- Festival release poster
- Directed by: Mariana Rondón Marité Ugás
- Written by: Mariana Rondón Marité Ugás
- Based on: La hija de la española [es] by Karina Sainz Borgo
- Produced by: Stacy Perskie Édgar Ramírez Stephanie Correa Jill Littman
- Starring: Natalia Reyes Moisés Angola Sheila Monterola
- Cinematography: Juan Pablo Ramírez
- Edited by: Soledad Salfate
- Music by: Camilo Froideval
- Production companies: Redrum Absolute Artists Impression Entertainment
- Release date: 4 September 2025 (Venice);
- Running time: 97 minutes
- Countries: Mexico Venezuela
- Language: Spanish

= It Would Be Night in Caracas =

2025 film

It Would Be Night in Caracas (Spanish: Aún es de noche en Caracas) is a 2025 drama film directed by Mariana Rondón and Marité Ugás. It is based on Karina Sainz Borgo's novel La hija de la española and follows a woman trying to survive the political and social collapse during the Crisis in Venezuela.

== Plot ==
Set in Caracas during the heightened tensions of 2017, the film follows Adelaida (Natalia Reyes), who returns home after her mother's funeral to find their apartment seized by a violent female militia led by the ruthless Mariscala (Sheila Monterola). As protests, repression and shortages intensify, Adelaida is forced onto the streets of a collapsing city where institutions have broken down and violence is commonplace.

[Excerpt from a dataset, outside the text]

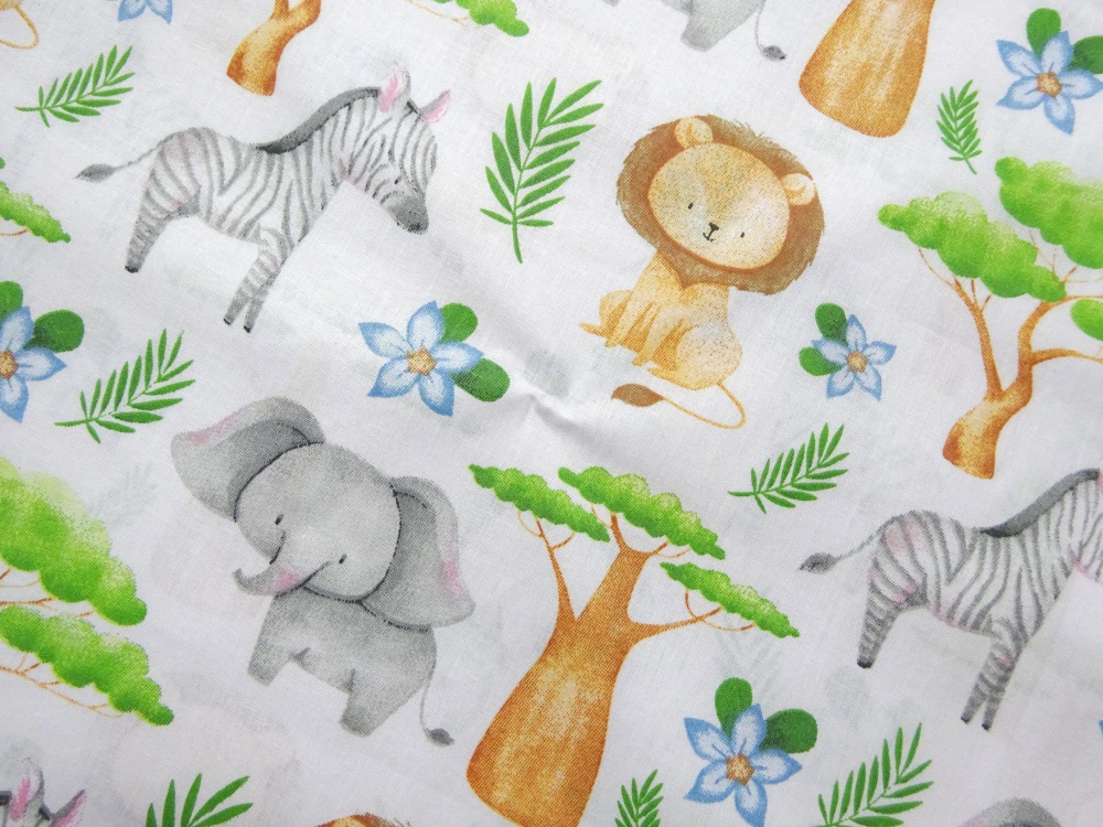 - vzor - lev, slon, zebra, stromy, listy, kvety

When she discovers that a neighbour with Spanish residency has died, Adelaida sees an opportunity to assume her identity and escape the country. The film tracks a few days in her life as she navigates militia checkpoints, corrupt officials and an increasingly lawless environment, weighing the moral cost of survival against the possibility of exile.

== Cast ==
- Natalia Reyes as Adelaida
- Moisés Angola
- Sheila Monterola as Mariscala
- Édgar Ramírez
- Samantha Castillo
- Vicente peña
- Leonidas Urbina

== Production ==
The film is written and directed by Venezuelan filmmakers Mariana Rondón and Marité Ugás, known for their previous collaborations such as Bad Hair. It was produced by Stacy Perskie for Redrum, Édgar Ramírez for Absolute Artists, and Stephanie Correa and Jill Littman for Impression Entertainment.
Principal photography took place in Mexico, with production design by Ezra Buenrostro and cinematography by Juan Pablo Ramírez, aiming to recreate the atmosphere of a Caracas in crisis. The score was composed by Camilo Froideval, with sound design by Lena Esquenazi.

== Release ==
It Would Be Night in Caracas had its world premiere in the Venezia Spotlight section of the Venice Film Festival on 4 September 2025.

== Reception ==
At its festival premieres, the film received positive notices for its tense atmosphere and political urgency. In a review for Variety, Jessica Kiang praised the film as a “powerful, urgent human drama” and highlighted Natalia Reyes's performance as central to the film's emotional impact.